When the vast majority of objects book for less than $50, consider renting a table or booth at a local flea market to sell the objects. Give it one shot. Box lot or junk the objects that do not sell. Do not frustrate yourself.
If the book value is less than $25 per object, a garage sale is the answer. Again, the goal is to dispose of the objects. At the end of the day, give away, bulk sale, or trash whatever remains.
If a single object has substantial book value or the seller has a large and highly diverse amount of objects to sell, my recommendation is to use the auction route. If the number of objects is limited and the person is computer literate, the obvious first choice is an Internet auction. If the objects are numerous and the per object value above $100, use a strong regional auction house. When the per object value is below $100, a local “box lot” auctioneer is fine.
When choosing the auction route, sellers should be aware of the cost of sale (percentage and other fees charged by the auctioneer) and the fact that most of the prospective buyers are dealers who expect to pay half or less of book value. The advantage is that the sale is a once and done proposition. Sellers should look at the final number and be happy.
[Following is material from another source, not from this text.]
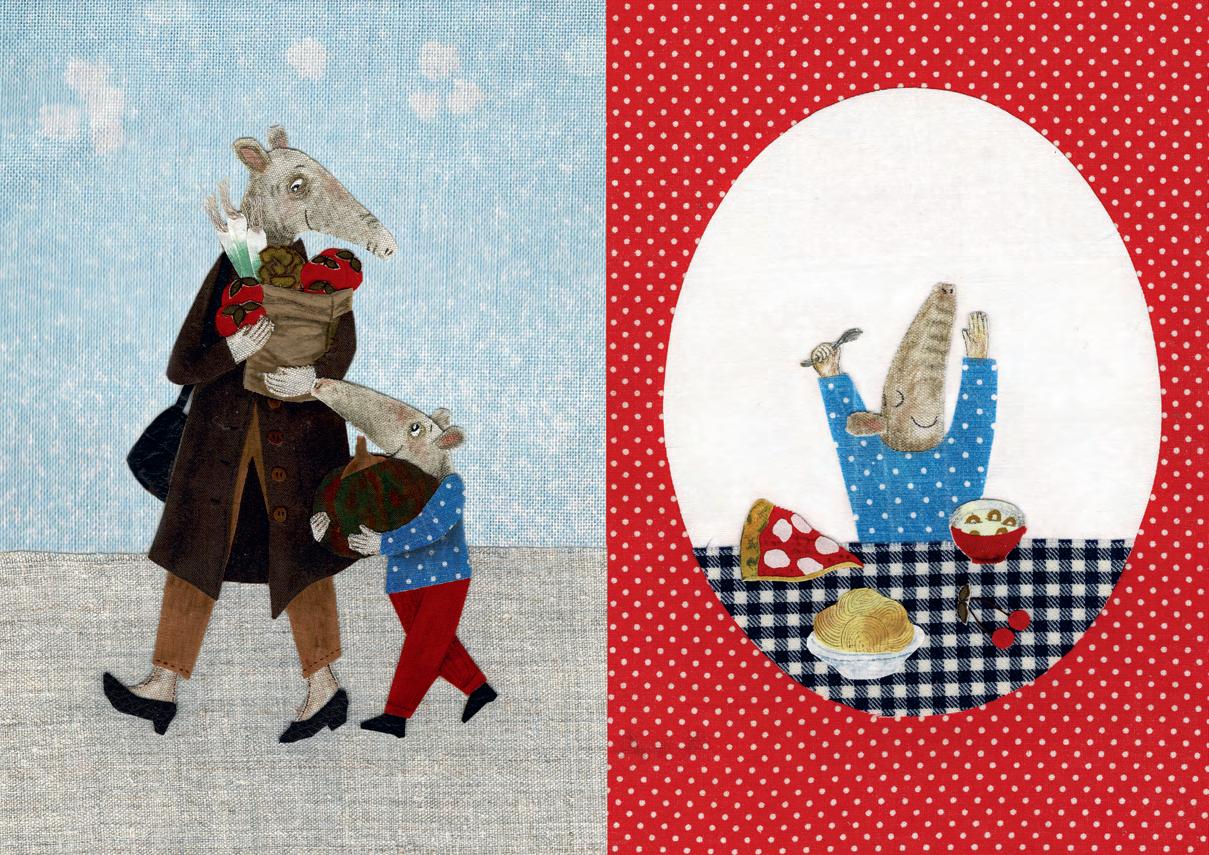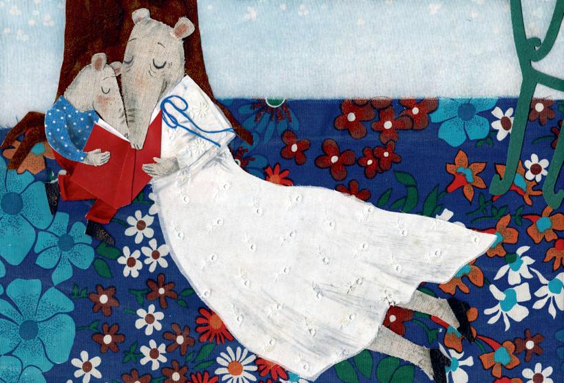 Sarah Hand ‘s illustrations are very joyful — evoking a smile from the reader. The use of collage and mixed media in the pictures is brilliantly composed and playful. The illustrations with their charming characters are engaging and could be also inspiring to any child (or even an adult!) who would like to pick up a pencil, glue and scissors and have a go at storytelling themselves.

Dealers buy privately. When selling in this situation, knowledge is power. If the seller has not done his homework, he is at a distinct disadvantage. Further, dealers often only want to buy the cream of what the seller is offering for sale. They do not want the junk, i.e., hard to sell items. Sellers who wish to dispose of a large block of items need to adopt a “take it all or not at all” approach.
When selling to a dealer, do a package deal. It becomes extremely confusing and time consuming when negotiating on a piece by piece basis.
Do not expect the dealer to make an offer. This is a free appraisal. If you ask the dealer to make an offer and then refuse it, you have utilized his expertise without compensating him for it.
It is the seller’s responsibility to set the initial asking price. The buyer’s responsibility is to say yes, no, or counteroffer. If a seller does not know what to ask or is unwilling to do his own homework, he should hire the services of an independent appraiser.
Finally, when the book value for a single object or group of miscellaneous objects is low, consider giving them away or sending them to the landfill. While the seller will not have money in pocket, with the exception of a possible tax deduction if the objects are gifted to a non-profit organization that plans to sell them at a bazaar, he will have peace of mind. Never discount the importance of the latter.